Back in the 19th century, when undergraduate core curricula were the rule rather than the exception, practically everybody had to take a course in rhetoric or oratory. The requirement often had roots in the colleges’ original mission of training ministers, and it usually vanished with the advent of the elective system. This course would aim to revive the tradition by teaching students how to make a compelling and analytically sound argument, both written and spoken (and probably also, inevitably, in PowerPoint). It is an endeavor with centuries of interesting thought behind it, so one can imagine the course drawing on philosophy, law, theology, even drama — with the opportunity to consider exemplary arguments from the past.
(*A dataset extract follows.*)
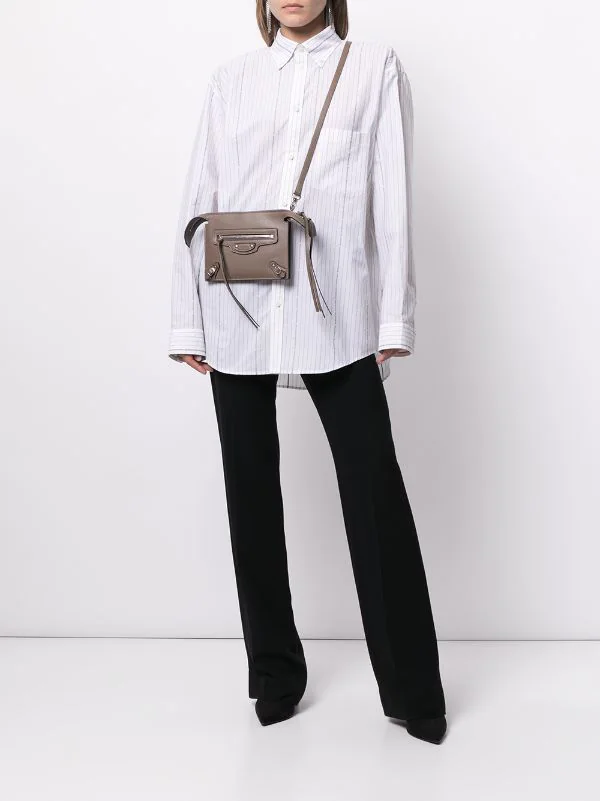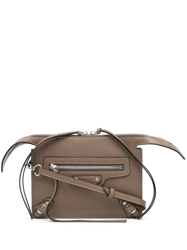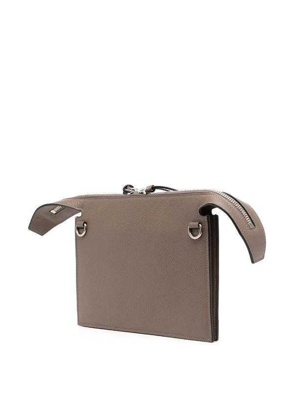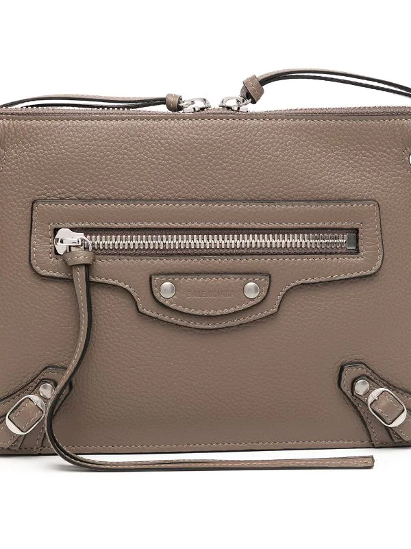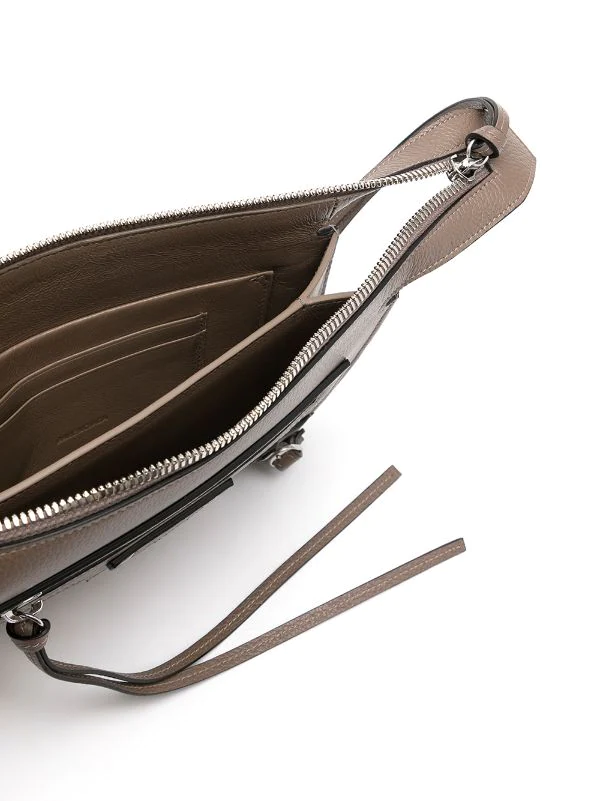 Bride porté épaule détachable et ajustable, texture grainée, poche zippée sur le devant, logo embossé sur le devant, ornements argentés, fermeture zippée à double sens. Couleur : marron. Matière : cuir.

It should be obvious that the assignments would ask students to practice the skills the course is teaching them, in writing and in performance.

Lemann concludes by stating that “what these courses have in common is a primary commitment to teaching the rigorous (and also properly humble) pursuit of knowledge. They therefore go against the grain of assumptions that are widely held in higher education today, including that entering students don’t need such a high level of direction, and that the idea that one can be taught to get closer to the truth of a situation is too problematic to justify a tight embrace. They put methods above subject-matter knowledge in the highest place of honor, and they treat the way material is taught as subsidiary to what is taught.”

This is an interesting proposal and one that I would love to see debated in college curriculum committees and faculty senates.

Tony

 

One comment

  1. Two years of non-content in place of learning stuff including the greatest gift of the ancient Greeks to modern human thought, deductive logic. It is really quite amazing. Instead of encouraging the study of deep material that builds on lesser but still deep material, deliberately avoid real literature, real history, and all of the hard sciences in which such high-sounding but shortsighted “logic” is suicidal. Newton said it perfectly, “If I have been able to see further, it was because I was standing on the shoulders of giants.”